最初の手紙から読んでください。http://familin2006.hatenadiary.jp/entry/2014/11/25/093359

69通目、夫のちんぽが入らない

妻へ

 

夫婦の絆に、セックスは重要な要素だとぼくは思っています。ぼくがそう思っていると、ぼくのあなたへの欲望の仕方から、あなたも感じていることでしょう。

 

ここ数ヶ月で言うなら、あなたのコンプレックスそのものである、あなたの体のある部分へのコンタクトが、あなたにこれほど官能的な幸福を与えるものだとわかったのはひとつの発見でした。身体は心とつながっているということを、あらためて思うものでもありました。

 

夫婦は新しくお互いを発見するということをできるだけ長く深く続けていくのがよいと思うし、そのためにセックスは重要な要素でありえます。

 

そんな思想のもと、だから「夫のちんぽが入らない」はタイトルから衝撃的でした。

そして、一見出オチ感もあるタイトルをはるかに凌駕する内容。

夫婦の在り方という難題を、何度も何度もつきつけるその筆圧に、ぼくはただ圧倒されるのでした。

 

 夫婦として日常を過ごす描写の合間、ことあるごとに挿入される「ちんぽはまだ入らない」という文句。

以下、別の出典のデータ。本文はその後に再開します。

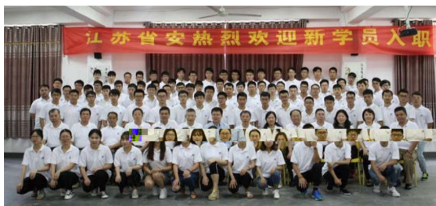
图为公司领导、总部部门负责人与新员工合影

夫のちんぽは入らないのに、ほかの男性のちんぽは入ってしまう不思議。

夫婦でのセックスや子づくりは諦める一方、夫婦は信頼関係を増していく。互いの理解を深めていく。

 

そんなふたりの様子に、ぼくは心打たれました。

夫婦というのは、おそらく、定型的なパターンで括れるものなどないのでしょうね。

どのペアをとってみても、そこに固有の在り方をしてしまう。ぼくたちはつい「典型的な幸福」というものに憧れを持ってしまうけれど、少なくとも夫婦という形態においては、モデルとしての幸福な像というのはありえないのだろうと思います。

 

ちんぽが入らなくても互いを信頼し幸福に過ごす夫婦があります。

 

かたや、ちんぽは入るけれど、葛藤を持ちながら、それでもあなたを幸福せしめたいと欲望するぼくという人間があります。

ぼくはぼくの葛藤ごと、あなたと婚姻している。そう聞いたなら、あなたはきっと哀しむのでしょうね。